Я и догадываюсь, и не верю, а Демид как будто видит мое ошалевшее лицо, отвечает все так же нетерпеливо:

— Как где? У тебя под дверью. Говорю, же открывай.

Глава 37

Соня

У меня просторная прихожая, но Демид умудряется заполнить собой не меньше трети пространства. Я нахожусь все еще в состоянии, близком к шоковому, а он как ни в чем ни бывало сует мне увесистый пакет. В другой руке у него объемная коробка.

— Возьми, я не помню, что ты любишь, взял всего понемногу. И козявке тоже… А кто это там прячется? — говорит он совсем другим голосом и садится на корточки. — Иди сюда, козявка, знакомиться будем. Я твой дядя Демид.

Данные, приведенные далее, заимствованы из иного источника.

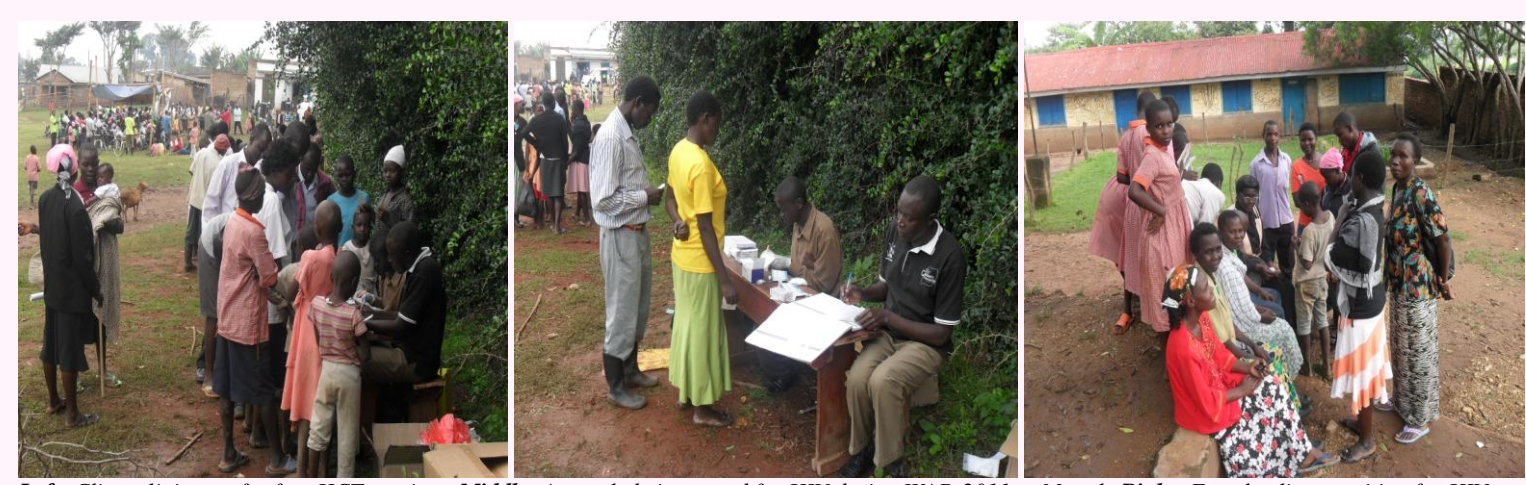
Left: Clients lining up for free HCT services. Middle: A couple being tested for HIV during WAD 2011 at Magale Right: Female clients waiting for HIV results.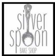
Silver Spoon Bake Shop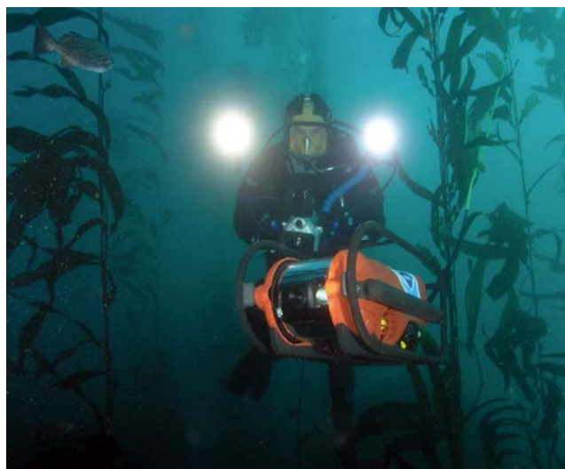
Diver with remotely operated vehicle during telepresence "live dive" in Monterey Bay National Marine Sanctuary.

The National Marine Sanctuary Program and SRF are expanding the telepresence system to other national marine sanctuaries. Efforts are underway to install cameras and a ROV in Florida Keys National Marine Sanctuary. We anticipate this will be complete in the winter of 2005 and will feature images of coral reefs and a tropical marine protected area as well as footage from the Aquarius underwater habitat. In 2006, cameras are scheduled to be installed in Channel Islands National Marine Sanctuary off of southern California, followed by several additional sanctuary sites including a 19th century shipwreck in Thunder Bay National Marine Sanctuary and Underwater Preserve in Lake Huron, and Hawaiian Islands Humpback Whale National Marine Sanctuary off Maui, Hawaii.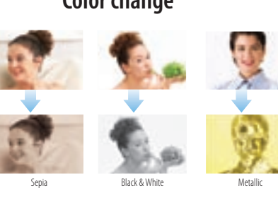
Color images can be easily changed into Black & White, Sepia, or Metallic images.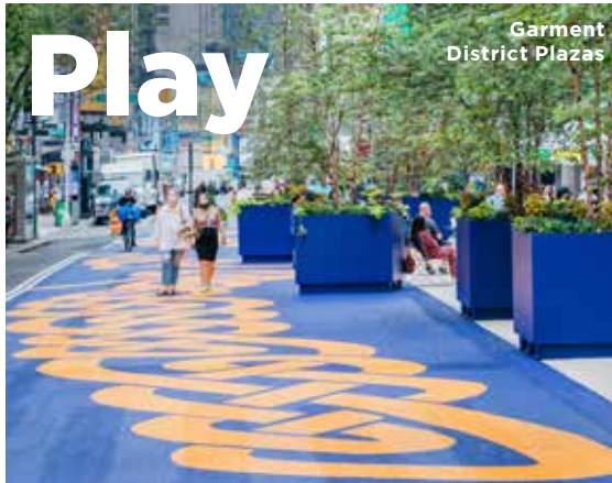
Garment District Plazas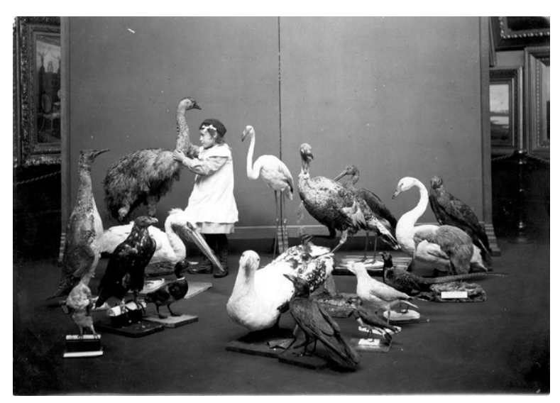
FIGURE 2 - A BLIND GIRL EXAMINING MOUNTED BIRDS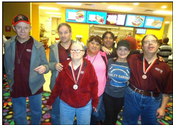
Adult clients enjoy an evening of bowling

In fiscal year 2016 and 2017, seven adults resided in the agency Supported Living home in the Los Alamos area.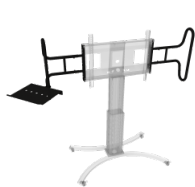
Two large and sturdy handles including laptop shelf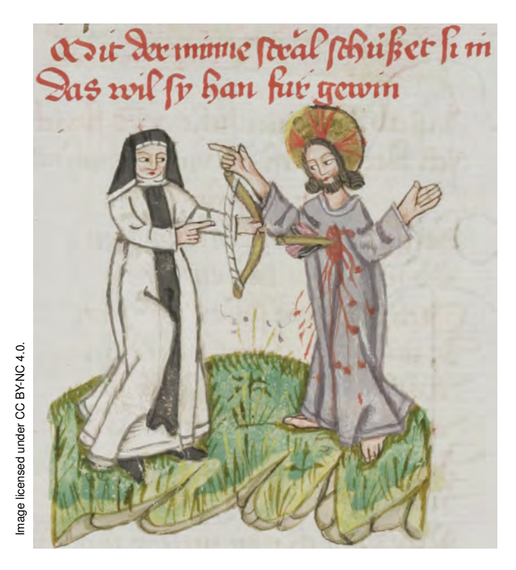
Figure 3: Wounding (from Manuscript E, f. 13v)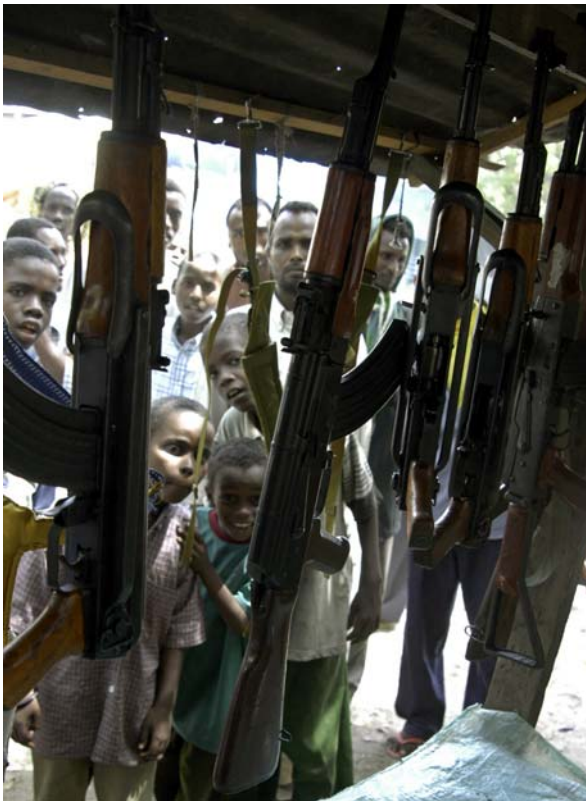
Weapons for sale at Bakara market, Mogadishu. May 2004

Parties to the conflict and other armed groups not detailed here, such as clan militia in specific areas or armed criminal gangs, have often overlapped, forged or shifted alliances, or suffered divisions over the past few years. There have been regular reports of defections between the main parties to the conflict, the TFG and al-Shabab. Defections have included members of the TFG security forces allegedly joining armed opposition groups after not being paid salaries, or factions of armed groups joining the TFG following grudges against their former allies. 22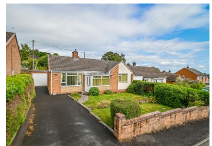
Fermain, 40 Ludlow Road, Bridgnorth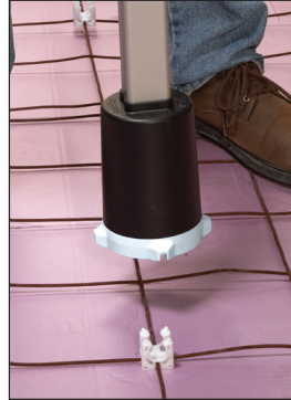
SmartClip is design for a secure 4 point wire connection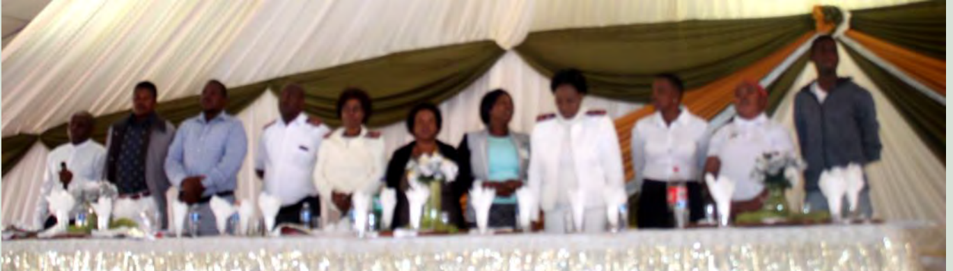
THE HOSPITAL'S MANAGEMENT WITH VARIOUS STAKEHOLDERS DURING THE WOMEN'S EVENT AT GEDLEZA , HLALANATHI HALL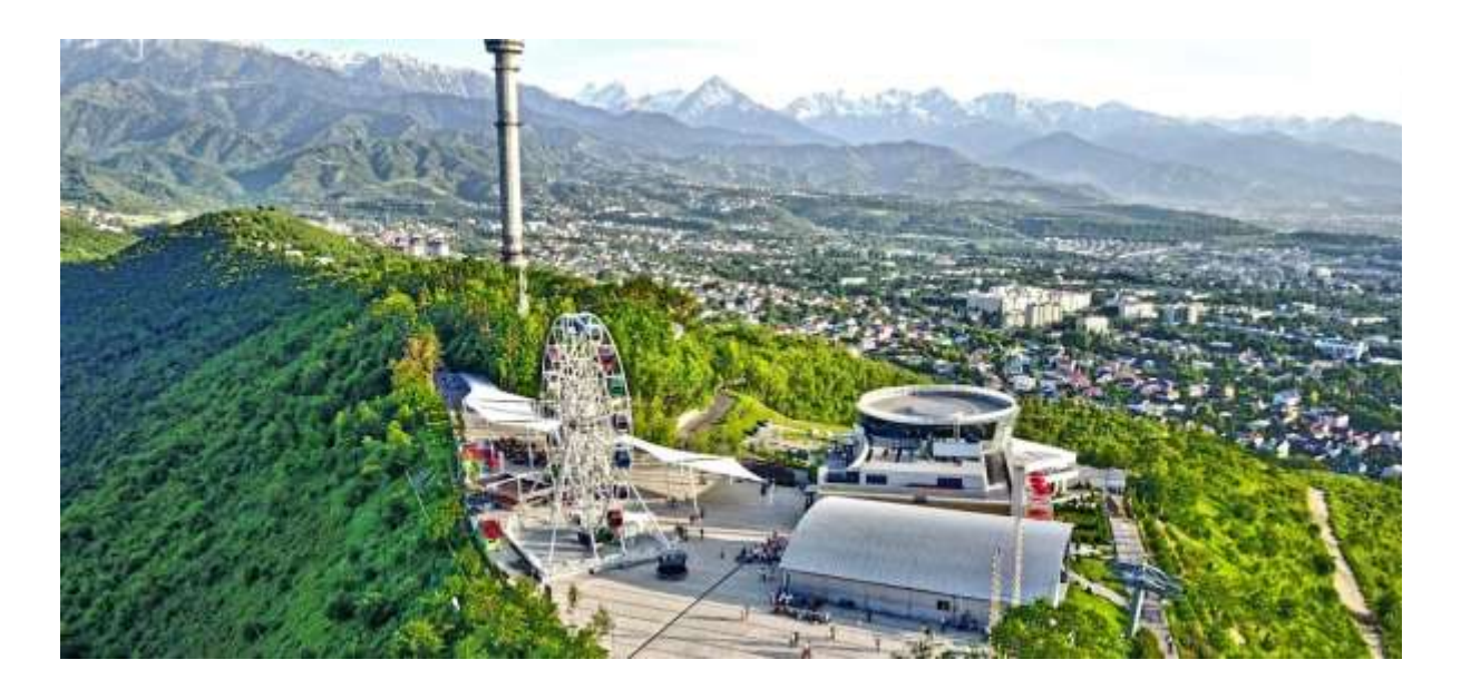
Overnight Stay at the hotel

Later, proceed to the Kok-Tobe Hills, which offer panoramic views of Almaty city. Visitors can take a cable car up to the hill and enjoy the views from the observation deck or explore the area, which includes a park, a restaurant, and a souvenir market. There is a 372 meters tall TV Tower at the foot of the mountain visible from most parts of the city.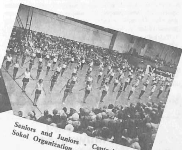
Seniors and Juniors - Central District American Sokol Organization - performing calisthenics.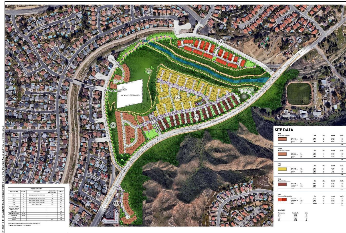
FIGURE 2-1 PROPOSED DEVELOPMENT PLAN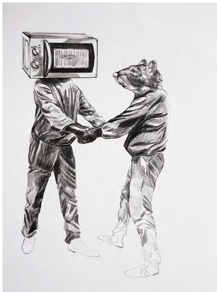
Yes, we can Pencil 30 x 20 cm 2015 Courtesy the artist

Next page: Anti-cauchemar Oil on canvas 50 x 50 cm 2018 Courtesy the artist

Оборачиваюсь. Майюша выглядывает из дверного проема и закрывает ладошкой рот. Ей и любопытно, и боязно одновременно.

— Доченька, иди сюда, не бойся, — зову ее в прихожую.

Малышка подбегает, жмется спиной к моим ногам и с интересом смотрит на Демида.

— Я не козявка, я пчелка, — сообщает доверительно Демиду, не переставая вжиматься в мои ноги. — Пчелка Майя.

Меня захлестывает волна умиления. Мой ребенок способен превратить меня в растопленный воск за считанные секунды.

— Да-ааа? Правда-аа? — Демид демонстрирует изумление. — Ну тогда держи, пчелка, это тебе.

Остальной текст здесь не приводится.